Supplied material:

--------------------------------------------------

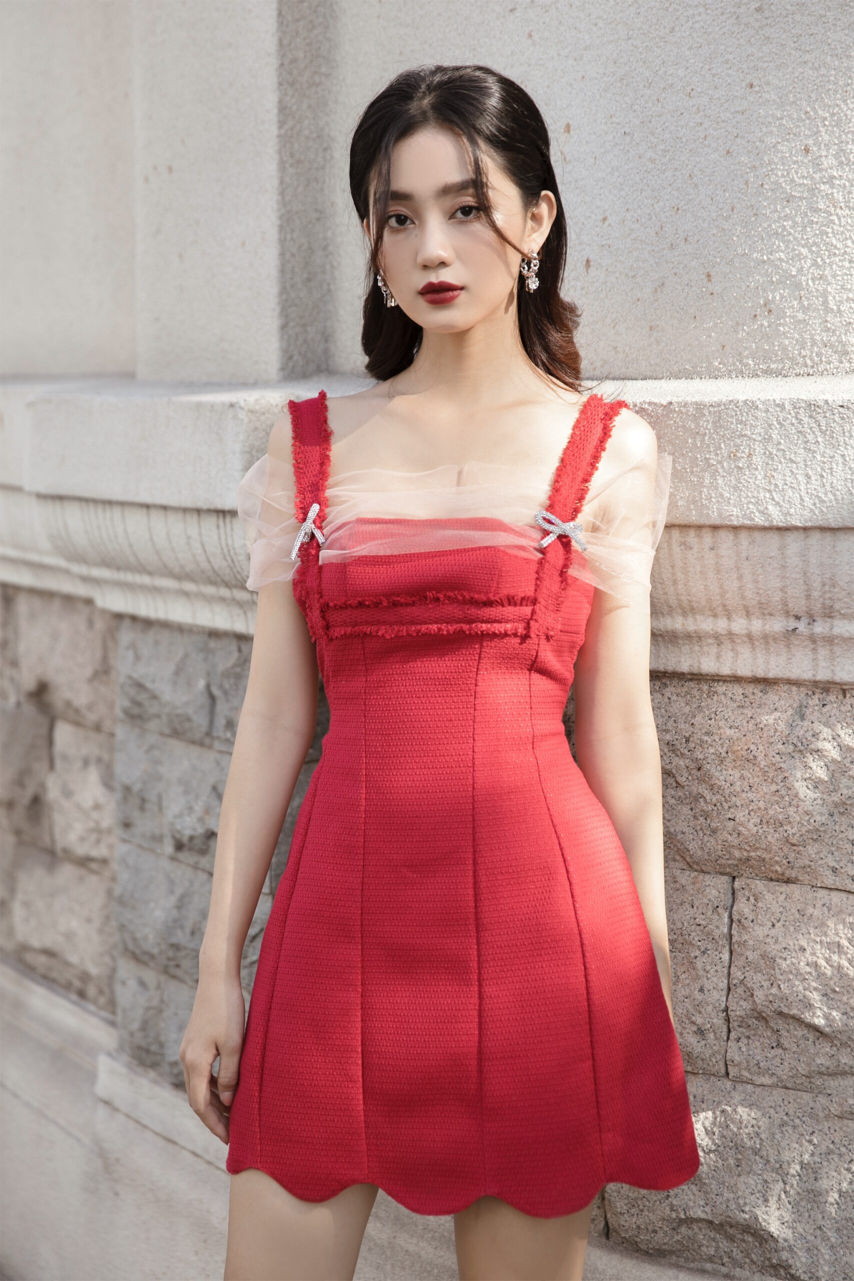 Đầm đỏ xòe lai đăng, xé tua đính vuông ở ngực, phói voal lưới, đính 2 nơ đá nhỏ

--------------------------------------------------

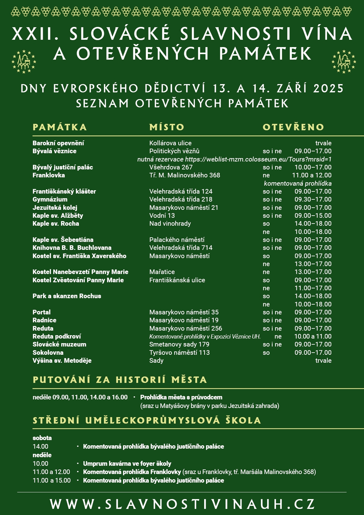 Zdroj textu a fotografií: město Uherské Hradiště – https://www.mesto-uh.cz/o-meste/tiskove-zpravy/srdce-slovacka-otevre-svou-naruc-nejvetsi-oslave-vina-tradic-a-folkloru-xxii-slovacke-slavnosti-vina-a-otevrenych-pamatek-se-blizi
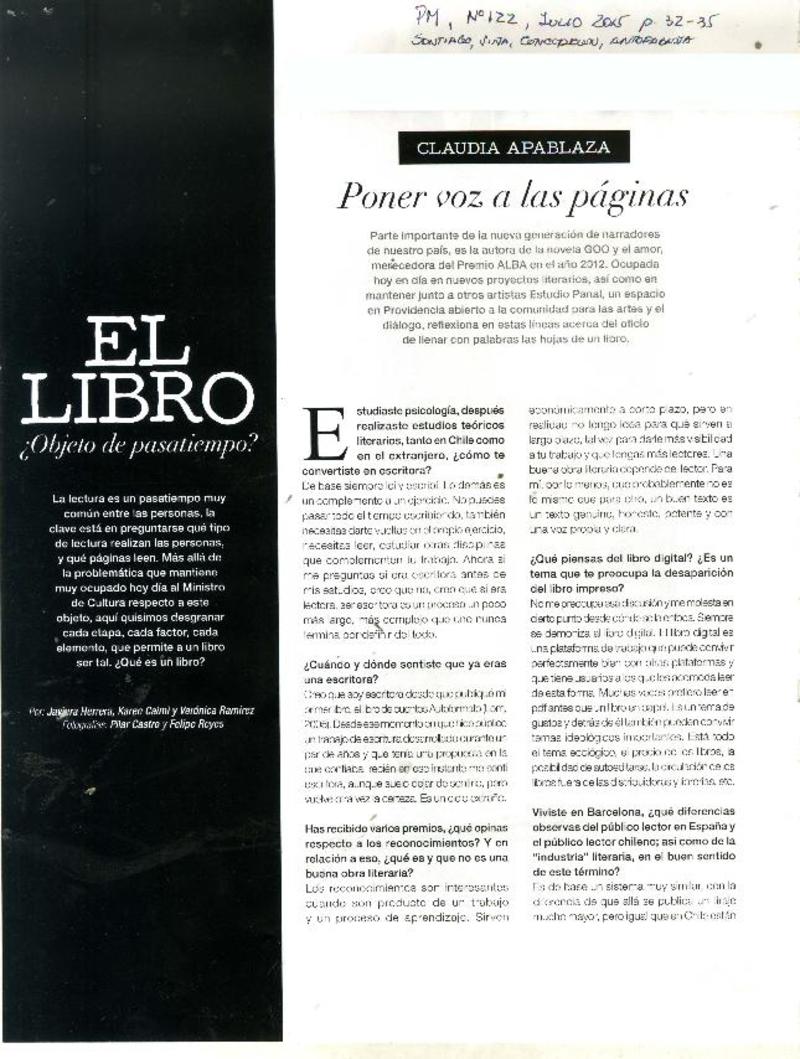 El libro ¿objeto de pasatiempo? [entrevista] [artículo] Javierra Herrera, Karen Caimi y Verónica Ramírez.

--------------------------------------------------

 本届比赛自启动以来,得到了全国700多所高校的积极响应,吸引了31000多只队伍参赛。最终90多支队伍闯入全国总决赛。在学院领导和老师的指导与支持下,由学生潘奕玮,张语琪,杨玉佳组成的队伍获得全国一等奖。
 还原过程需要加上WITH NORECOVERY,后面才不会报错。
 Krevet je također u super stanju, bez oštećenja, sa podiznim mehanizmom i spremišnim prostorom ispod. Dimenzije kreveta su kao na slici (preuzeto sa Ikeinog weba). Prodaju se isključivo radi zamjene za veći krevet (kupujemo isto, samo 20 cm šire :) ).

--------------------------------------------------

Exercise directions: Copy word for word the lines above, starting at the line containing "Zdroj textu a" and ending at the line containing "El libro ¿objeto", inclusive, with no pictures.

Exercise output:
 Zdroj textu a fotografií: město Uherské Hradiště – https://www.mesto-uh.cz/o-meste/tiskove-zpravy/srdce-slovacka-otevre-svou-naruc-nejvetsi-oslave-vina-tradic-a-folkloru-xxii-slovacke-slavnosti-vina-a-otevrenych-pamatek-se-blizi
 El libro ¿objeto de pasatiempo? [entrevista] [artículo] Javierra Herrera, Karen Caimi y Verónica Ramírez.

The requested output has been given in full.